Remote - Senior Clinical Trial Specialist
Posted 2026-05-06
Remote, USA
Full-time
Immediate Start
- A highly reputable biopharmaceutical corporation is currently hiring a qualified Senior Clinical Research Specialist to work remotely in the United States.
- *POSITION SUMMARY:**
- Highly skilled and experienced
- Senior Clinical Trial Specialist (Sr. CTS) will play a critical part in the planning, execution, and oversight of clinical trials across all phases, ensuring adherence to regulatory requirements and industry standards.
- This position provides a unique opportunity to contribute to the development of life-changing therapies in a collaborative, fast-paced environment.
- *KEY RESPONSIBILITIES:**
- *Trial Operations and Support**
- Assist in the tracking and filing of clinical trial protocols and study documents (informed consent forms, CRFs, lab manuals, etc.).
- Manage study Management Team Meeting logistics, Meeting management, agenda creation, minutes and AI capture, tracking and closure.
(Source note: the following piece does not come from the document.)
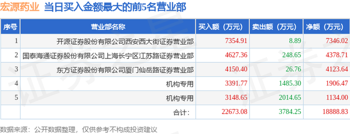 证券之星消息,沪深交易所2025年12月26日公布的交易公开信息显示,宏源药业(301246)因日涨幅达到15%的前5只证券登上龙虎榜。此次是近5个交易日内第1次上榜。
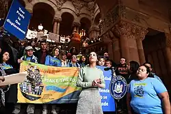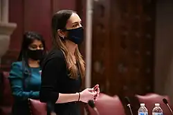 Julia Salazar (born December 30, 1990) is an American politician and activist. She is the New York State Senator for the 18th district, which covers much of northern Brooklyn, centered on Bushwick. She won the seat as a first-time candidate after unseating incumbent Senator Martin Malave Dilan in the Democratic Party primary in 2018.[1] She attracted national media attention for her support for sex workers' rights and other views. A member of the Democratic Socialists of America, she became the first member of the organization to serve in New York's state legislature.[2][3]

- Act as a liaison between SMT lead, trial CTMs and cross-functional team members to address assigned tasks and ensure quality and compliant management of work.
- Support Inspection readiness, audits and inspections.
- Support onboarding and offboarding of trial staff internally and externally.
- *Documentation and Compliance**
- Ensure that trial master files (TMF) are maintained and inspection-ready at all times.
- Support data management processes by tracking case report forms (CRFs), query resolution, and database locks.
- Review and ensure accuracy of clinical documentation in accordance with GCP, ICH, and applicable regulations.
- Assist in submission of regulatory documents to IRBs/ECs and Health Authorities as required.
- Assists in coordination of study logistics: clinical supplies, drug shipments, laboratory kits, biological samples.
- Creates and maintains patient enrollment and patient visit trackers/logs.
- Requests confidentiality agreements, study agreements, and clinical site budgets; tracks same documents to their final approval.
- Performs data entry and/or verification into designated clinical tracking systems, including collection of information from designated clinical team members, CROs, vendors, etc.
- *Vendor and Site Management**
- Collaborate with CROs, labs, and other vendors to monitor timelines, performance metrics, and budget adherence as assigned.
- Track and support site management activities such as feasibility assessments, site initiation, and site close-out visits to ensure data is available when needed.
- May manage ancillary/supportive vendor(s) with the oversight of a Clinical Trial Manager
- *Continuous Improvement**
- Identify opportunities for process enhancements and contribute to SOP development and revision.
- *QUALIFICATIONS:**
- *Education**
- Bachelor’s Degree in life sciences, nursing, pharmacy, or related field. Master’s Degree or certifications in clinical research (e.g., ACRP, SOCRA) preferred.
- *Experience**
- 5+ years of experience in clinical research, with at least 2 years in a sponsor or CRO setting.
- Strong understanding of GCP/ICH guidelines and regulatory requirements (FDA, EMA, etc.).
- Experienced supporting multiple studies and working cross-functionally with internal and external stakeholders.
- *Skills**
- Excellent organizational and time management skills.
- Strong written and verbal communication abilities.
- Detail-oriented with a high level of accuracy and problem-solving skills.
- Proficiency in Microsoft Office Suite and electronic data capture (EDC) systems.
- Adaptability in a high change and fast paced environment
- *Preferred Experience**
- Experienced with oncology, rare diseases, or other specialized therapeutic areas.
- Familiarity with global trial operations and multi-country regulatory environments.
- Working knowledge of clinical trial software such as Medidata, Veeva Vault, or similar platforms.